• _GIVEN INFORMATION_
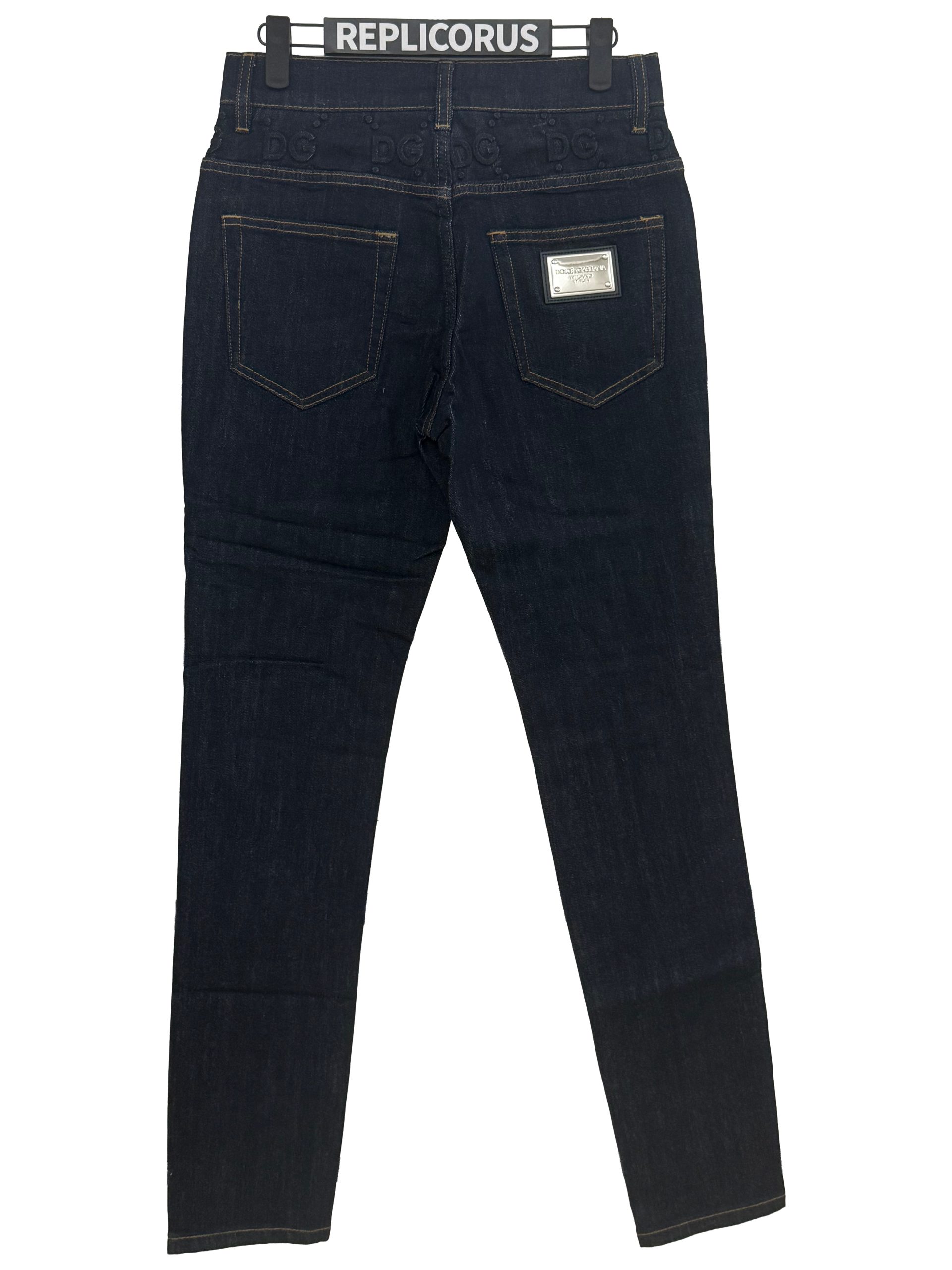 - Branded silver metal Dolce & Gabbana logo plaque positioned on the right back pocket for signature refinement
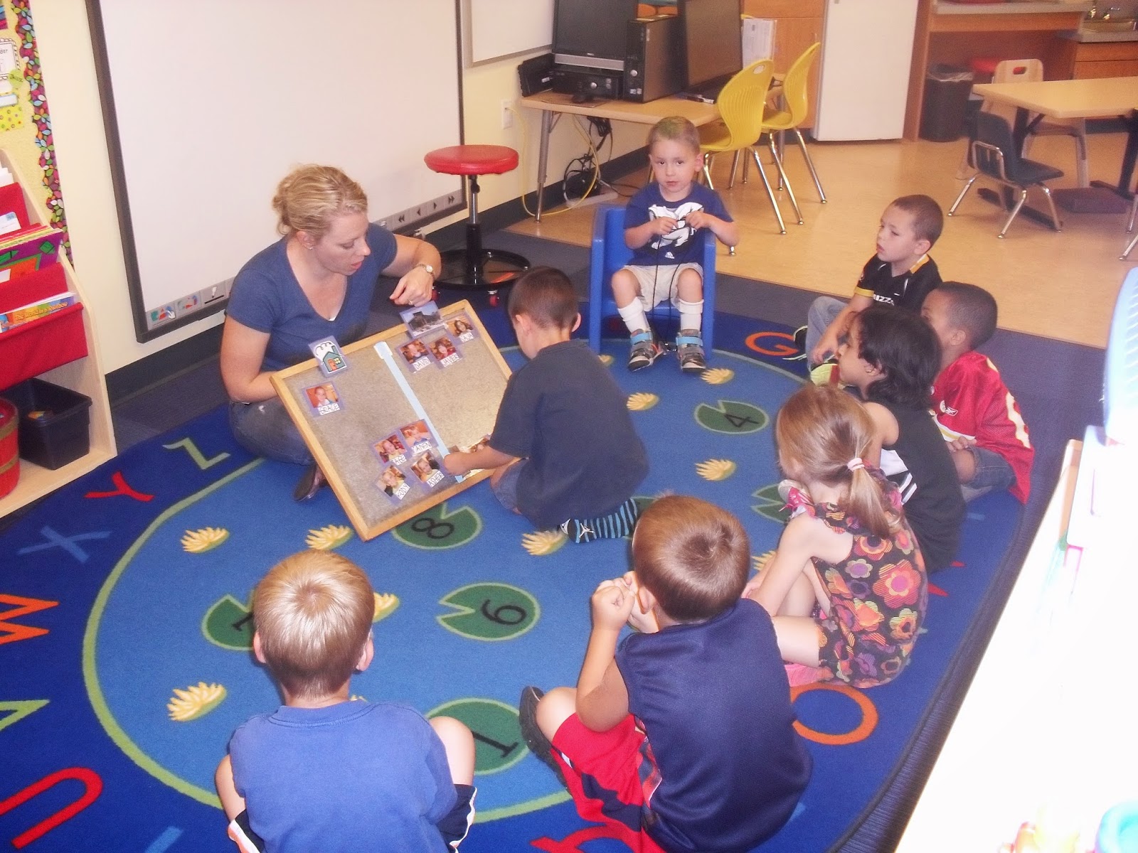 We're really getting into our arrival routine. We discuss who is at school that day and then hold hands and sing our hello song. During the song we say hello to each person in the circle.
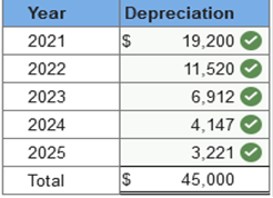 Required information Exercise 11-1 (Algo) Depreciation methods [LO11-2] Skip to question [The following information applies to the questions displayed below.] On January 1, 2021, the Excel Delivery Company purchased a delivery van for $48,000. At the end of its five-year service life, it is estimated that the van will be worth $3,000. During the five-year period, the company expects to drive the van 175,000 miles. Required: Calculate annual depreciation for the five-year life of the van using each of the following methods. rev: 05_15_2019_QC_CS-168776, 11_22_2019_QC_CS-191707 Exercise 11-1 (Algo) Part 3 3. Units of production using miles driven as a measure of output, and the following actual mileage: (Do not round intermediate calculations.) ![]() Explanation 3. Units-of-production:
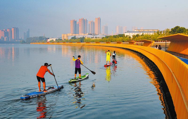 10月7日清晨,随州冬泳协会浆板爱好者正在白云湖上开展浆板训练。近年来,浆板运动以其独特的魅力受到越来越多的人喜爱。 (随州日报全媒记者李文军、通讯员刘耀兰摄)
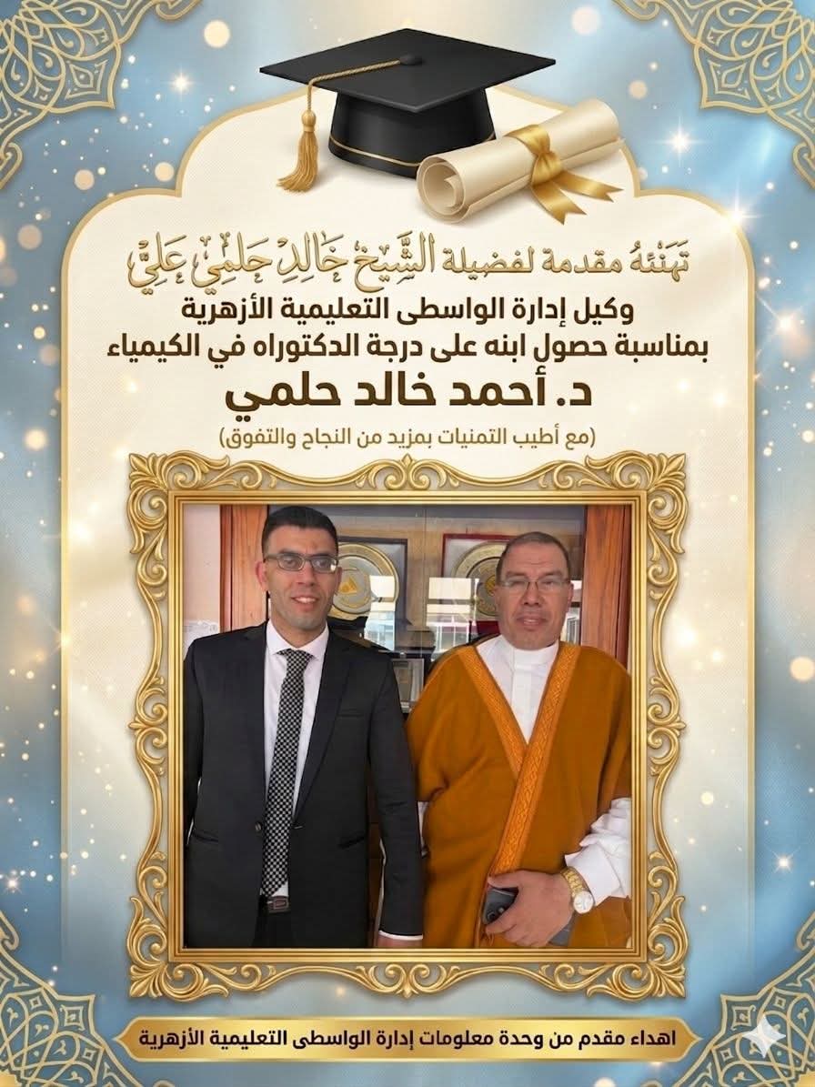 وفي السياق ذاته، تقدمت إدارة الواسطى التعليمية الأزهرية بخالص التهاني القلبية إلى فضيلة الشيخ خالد حلمي بمناسبة هذا الإنجاز المشرف لنجله، مؤكدة أن ما تحقق يُعد نموذجًا مُلهمًا لأبناء الأزهر الشريف، ويعكس قيمة العلم والاجتهاد، ومتمنية للدكتور أحمد خالد حلمي دوام التوفيق ومزيدًا من التقدم والنجاح في مسيرته العلمية.
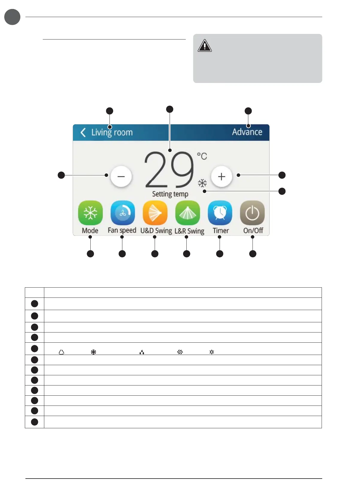 Pressing this icon activates the advanced settings window for the selected indoor unit (the functions available through
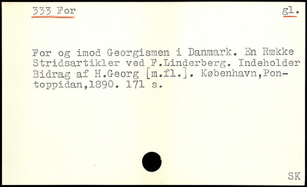 Por og imod Georgismen i Danmark. En Række Stridsartikler vedJF.Linderberg. Indeholder Bidrag af H.Georg [m.fl.].
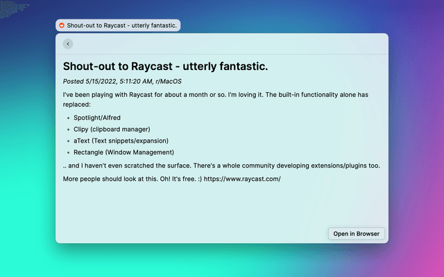 Raycast extension to search reddit.

• _WORK INSTRUCTION_
Verbatim, write out the line containing "We're really getting" and all later lines through the end of the records, leaving every picture out.

• _OUTPUT BELOW_
 We're really getting into our arrival routine. We discuss who is at school that day and then hold hands and sing our hello song. During the song we say hello to each person in the circle.
 Required information Exercise 11-1 (Algo) Depreciation methods [LO11-2] Skip to question [The following information applies to the questions displayed below.] On January 1, 2021, the Excel Delivery Company purchased a delivery van for $48,000. At the end of its five-year service life, it is estimated that the van will be worth $3,000. During the five-year period, the company expects to drive the van 175,000 miles. Required: Calculate annual depreciation for the five-year life of the van using each of the following methods. rev: 05_15_2019_QC_CS-168776, 11_22_2019_QC_CS-191707 Exercise 11-1 (Algo) Part 3 3. Units of production using miles driven as a measure of output, and the following actual mileage: (Do not round intermediate calculations.) ![]() Explanation 3. Units-of-production:
 10月7日清晨,随州冬泳协会浆板爱好者正在白云湖上开展浆板训练。近年来,浆板运动以其独特的魅力受到越来越多的人喜爱。 (随州日报全媒记者李文军、通讯员刘耀兰摄)
 وفي السياق ذاته، تقدمت إدارة الواسطى التعليمية الأزهرية بخالص التهاني القلبية إلى فضيلة الشيخ خالد حلمي بمناسبة هذا الإنجاز المشرف لنجله، مؤكدة أن ما تحقق يُعد نموذجًا مُلهمًا لأبناء الأزهر الشريف، ويعكس قيمة العلم والاجتهاد، ومتمنية للدكتور أحمد خالد حلمي دوام التوفيق ومزيدًا من التقدم والنجاح في مسيرته العلمية.
 Pressing this icon activates the advanced settings window for the selected indoor unit (the functions available through
 Por og imod Georgismen i Danmark. En Række Stridsartikler vedJF.Linderberg. Indeholder Bidrag af H.Georg [m.fl.].
 Raycast extension to search reddit.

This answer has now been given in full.